Which lines belong in your copy? Those from the start of the data through the line with "В ЖК Сет продается", exactly as written, without any pictures.

INPUT DATA Block Start

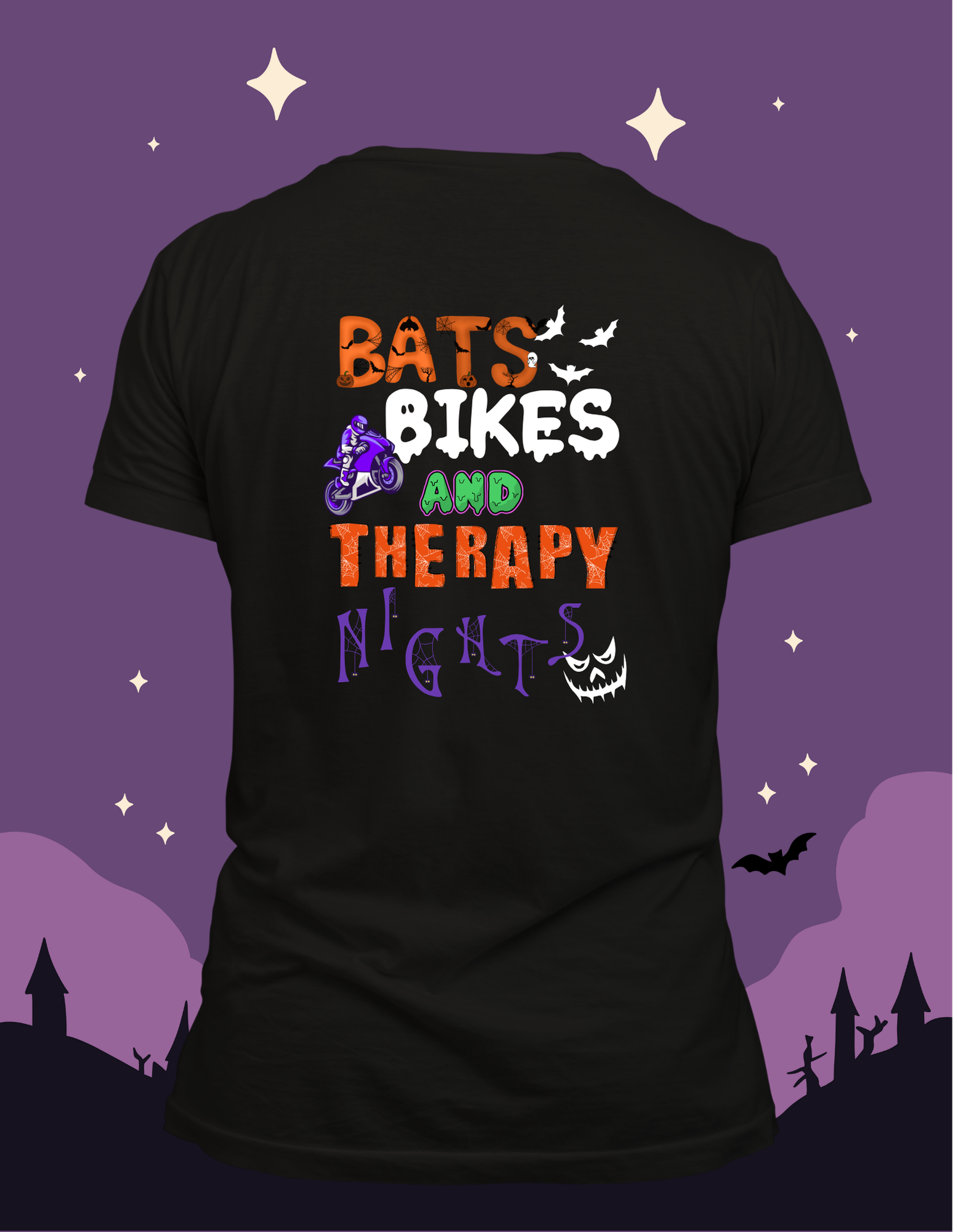Celebrate your passion for Halloween and motorcycles with the Bats, Bikes, And Therapy Nights shirt. This unique shirt blends spooky vibes with biker culture, making it perfect for those who love thrilling rides and eerie nights. Comfortable and stylish, it’s the ideal way to showcase your interests wherever you go. Embrace the spirit of the season and the freedom of the road all at once.
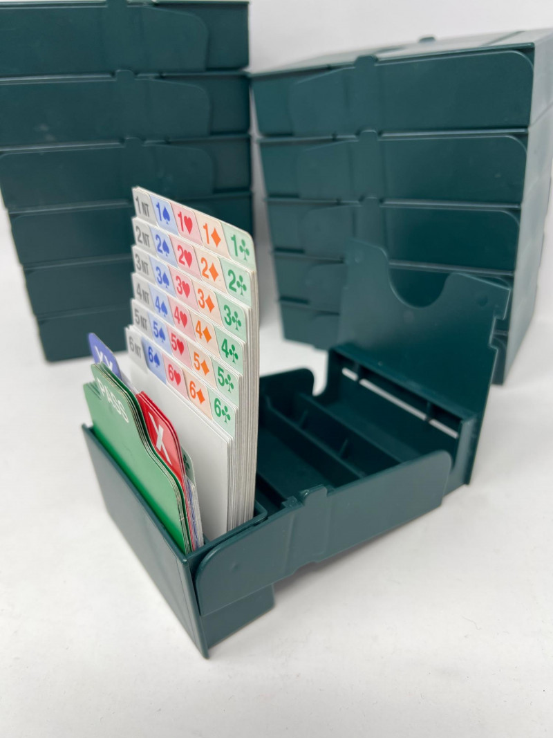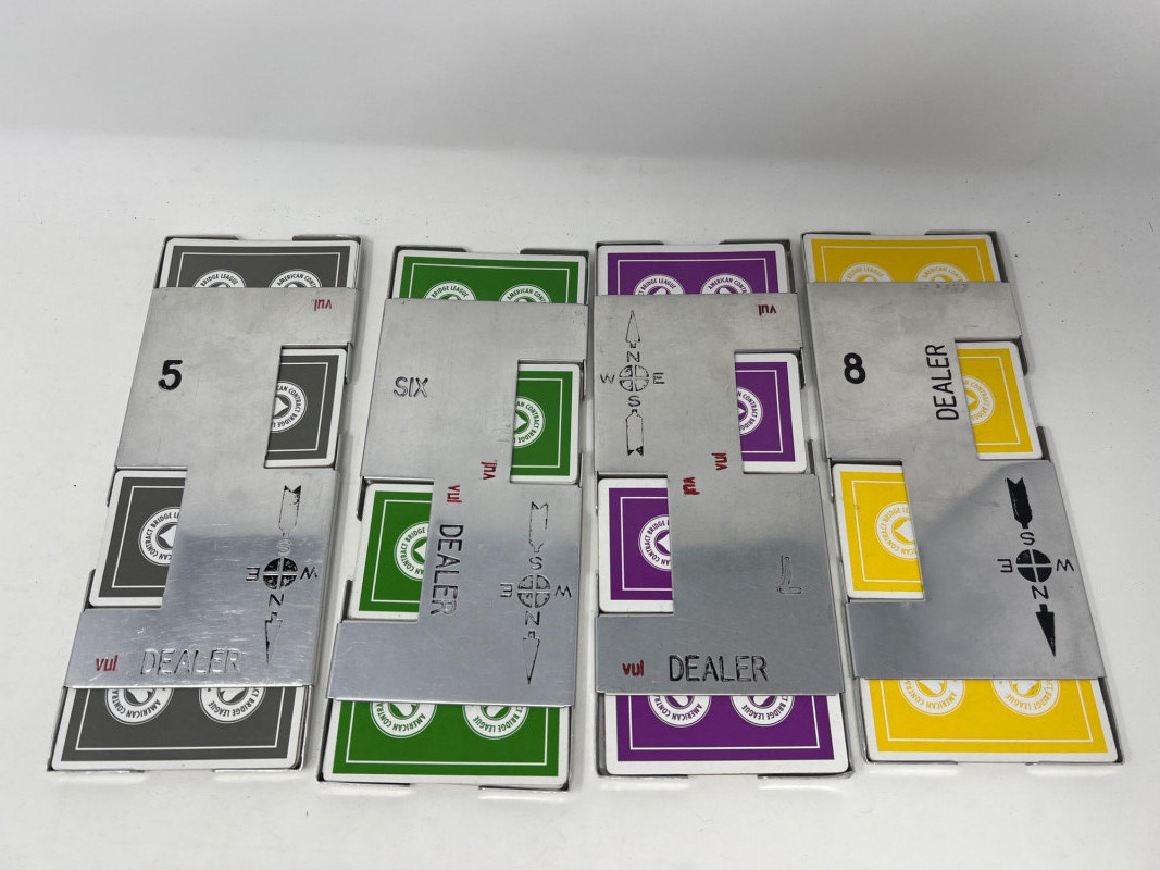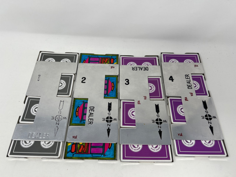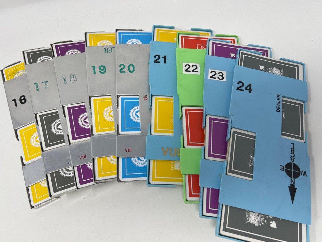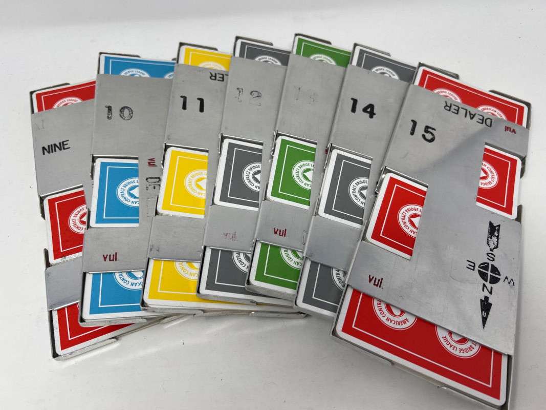 A complete vintage contract bridge set designed for tournament or teaching use. Includes 12 plastic card holders, each containing pre-sorted hands from decks numbered 1 through 23. Ideal for duplicate bridge play, where identical hands are used across tables to test skill and strategy. This set evokes the golden age of bridge clubs and competitive play, offering both nostalgia and utility for collectors, instructors, or enthusiasts.
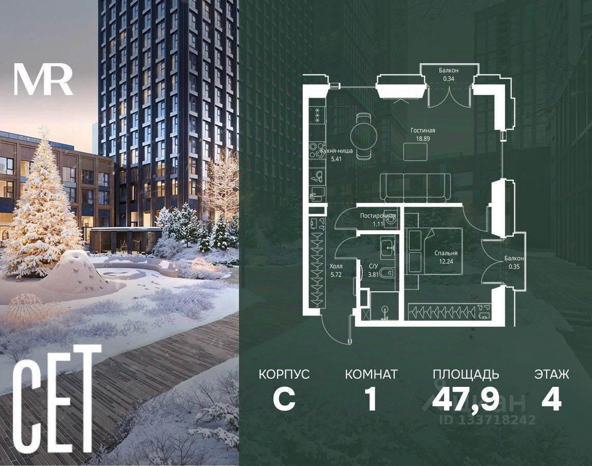 В ЖК Сет продается 1-комнатная квартира площадью 47.87 м², расположенная в корпусе С, на 4 этаже 28 этажного дома.
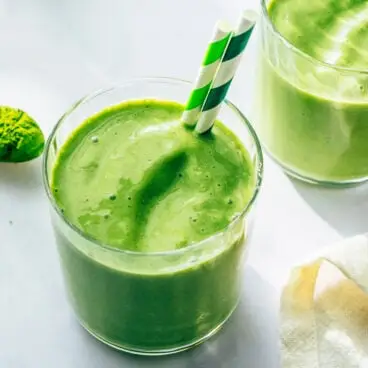 Milujte nápoje jako a matcha latte nebo ledové matcha latte ? Pak se vám to bude líbit Matcha Smoothie : pyré ze zeleného čaje a sladkého ovoce! Smíchejte tento prášek ze zeleného čaje s banánem a ananasem a je lehce sladký s jemným hořkým podtónem matcha. Je to skvělý způsob, jak získat všechny výhody zeleného čaje při pití ovocného pyré! Zde je návod, jak rádi připravujeme matcha smoothie.

INPUT DATA Block End

(RESPONSE TO THIS TASK):
Celebrate your passion for Halloween and motorcycles with the Bats, Bikes, And Therapy Nights shirt. This unique shirt blends spooky vibes with biker culture, making it perfect for those who love thrilling rides and eerie nights. Comfortable and stylish, it’s the ideal way to showcase your interests wherever you go. Embrace the spirit of the season and the freedom of the road all at once.
 A complete vintage contract bridge set designed for tournament or teaching use. Includes 12 plastic card holders, each containing pre-sorted hands from decks numbered 1 through 23. Ideal for duplicate bridge play, where identical hands are used across tables to test skill and strategy. This set evokes the golden age of bridge clubs and competitive play, offering both nostalgia and utility for collectors, instructors, or enthusiasts.
 В ЖК Сет продается 1-комнатная квартира площадью 47.87 м², расположенная в корпусе С, на 4 этаже 28 этажного дома.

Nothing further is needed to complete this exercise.